To find the angle $\angle BEF$ such that triangle $\triangle DEG$ is isosceles with $DG = GE$, we first need to analyze the geometry of the given configuration.

Step 1: Understanding the Triangle

Given that $\triangle ABC$ is isosceles with $AB = AC$ and $\angle C = 30^\circ$:

• This implies $\angle A = \angle B = 75^\circ$ (since $180^\circ - 30^\circ = 150^\circ$ and divided equally).

Step 2: Identify Points and Relationships

1. Midpoint $M$ of $BC$:

   • This divides $BC$ into two equal segments.

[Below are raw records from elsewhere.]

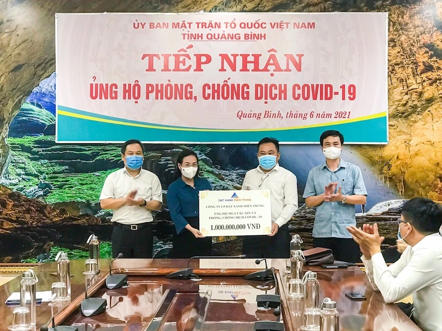 Đất Xanh Miền Trung trực tiếp ủng hộ tỉnh Quảng Bình 1 tỉ đồng trong đợt phát động đóng góp quỹ vaccine hồi tháng 6-2021. Ảnh: K.T.
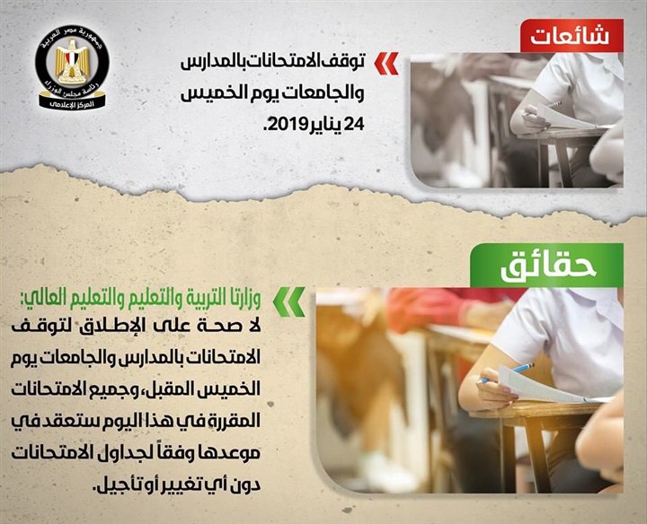 كشف مركز المعلومات التابع لمجلس الوزراء العديد من الحقائق خلال الفترة الماضية وردا قاطعا على 7 شائعات انتشرت عبر مواقع السوشيال ميديا حيث جاءت ردود مجلس الوزراء كالتالى:
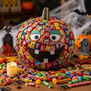 Give your pumpkin a snack-loving personality by gluing empty chip bags, candy wrappers, or snack-sized treats around its “mouth.”
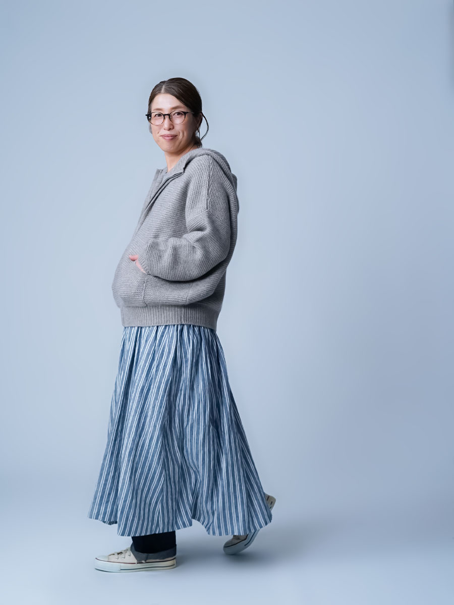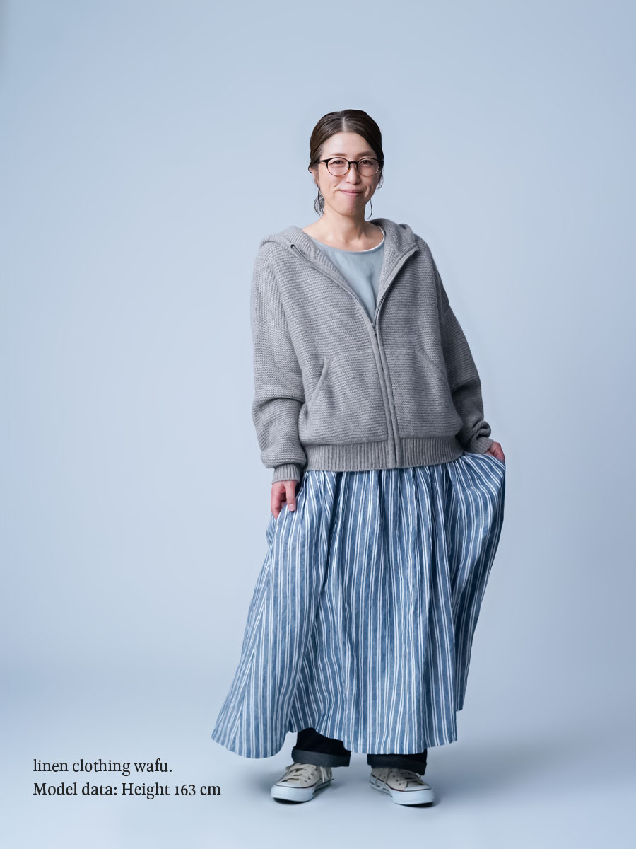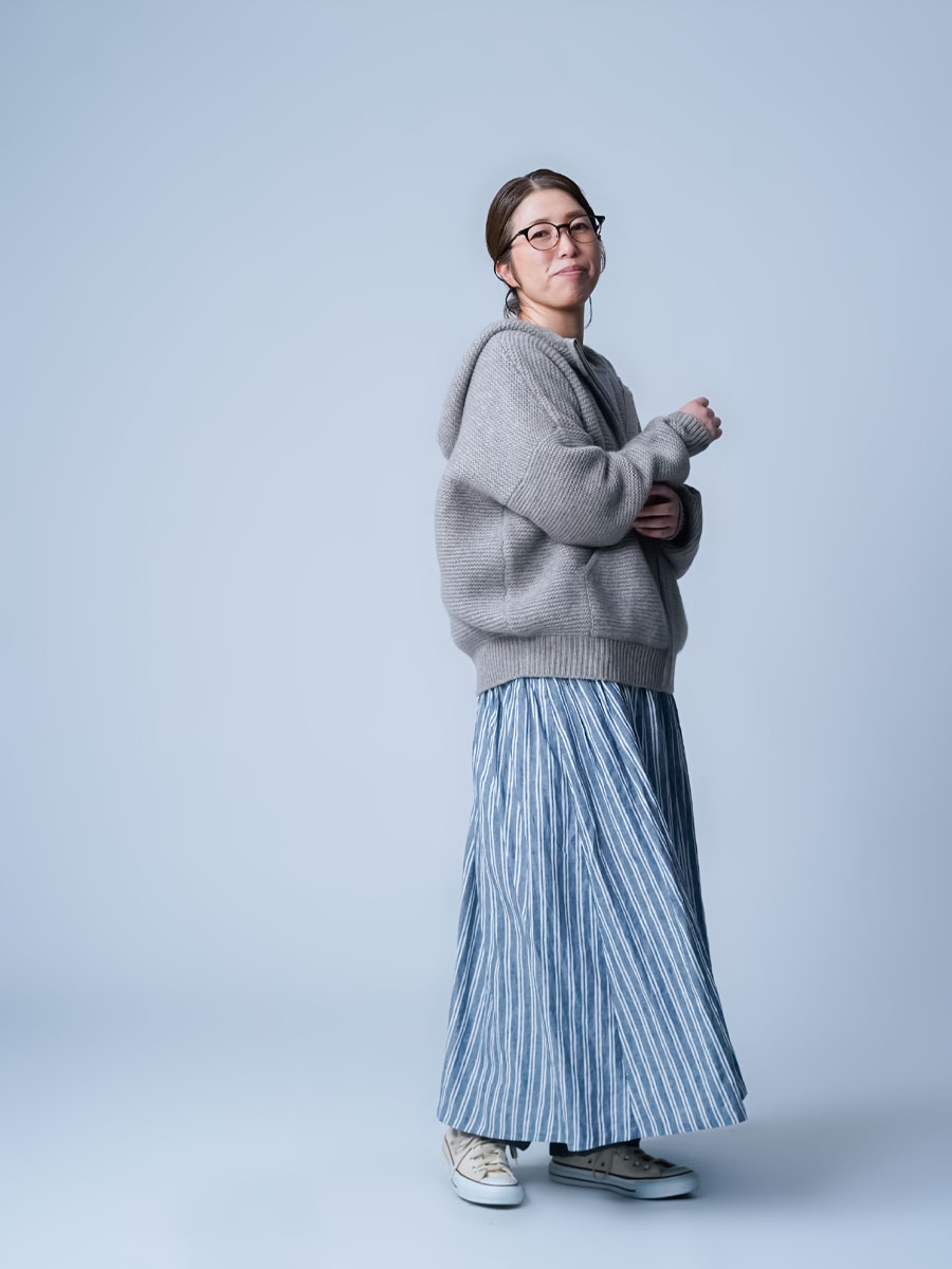 ニットのパーカーなのでカジュアル過ぎない感じがよいですね。着丈はおしりが隠れるくらい。袖丈は指先が袖のリブ編みの切替部分くらい。暖かく心地の良いしっかりとした重みがあります。ゆったりしてますが、すごく大きい印象はなくパートナーと共有できそうです。
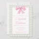 Coquette Pink Bow and Sage Gingham Baby Dusche Einladung

2. Line Segment $BF$ parallel to $AM$:

   • Since $F$ is defined to be parallel to $AM$ extended, it implies $F$ will maintain the direction of $AM$.

3. Point $D$ on ray $AM$:

   • $FD \parallel AB$ implies the angle $\angle AFD = 180^\circ - \angle ABC = 105^\circ$.

Step 3: Establish Angles in the Configuration

To maintain the isosceles property of $\triangle DEG$:

• We need $\angle DGE = \angle EGD$.

From our previous construction:

• $\angle BEC = \angle BFA + \angle FAD$.

Since $F$ lies on line $AM$ extended and $D$ is also on that line, we can assert that the angles around $G$ must balance such that $\angle DGE = \angle BEF$.

Step 4: Finding $\angle BEF$

To ensure $\triangle DEG$ is isosceles:

1. We set $\angle DGE = x$.
2. Then $\angle DEG = x$ also.
3. We have: $\angle BEF + \angle DGE + \angle DEG = 180^\circ$ $\angle BEF + 2x = 180^\circ$ Solving gives: $\angle BEF = 180^\circ - 2x$

Final Calculation

If we set $x = 75^\circ$ (a reasonable assumption based on isosceles properties), we find: $\angle BEF = 180^\circ - 2 \times 75^\circ = 30^\circ.$

Conclusion

Thus, the value of $\angle BEF$ such that $\triangle DEG$ is isosceles with $DG = GE$ is:

$\angle BEF = 30^\circ.$

Questions for Further Exploration

1. How would changing the angle $\angle C$ affect the value of $\angle BEF$?
2. Can you derive the coordinates of points $B, C, D, E, F, G$ based on the given angles?
3. What conditions must hold for $\triangle ABC$ to remain isosceles when altered?
4. How would the properties of the triangle change if $\angle C$ were $60^\circ$ instead?
5. What is the relationship between the lengths of segments $DG$ and $GE$?

Tip

When solving geometric problems involving angles and parallel lines, sketching the figure can greatly aid in visualizing relationships and deriving necessary equations.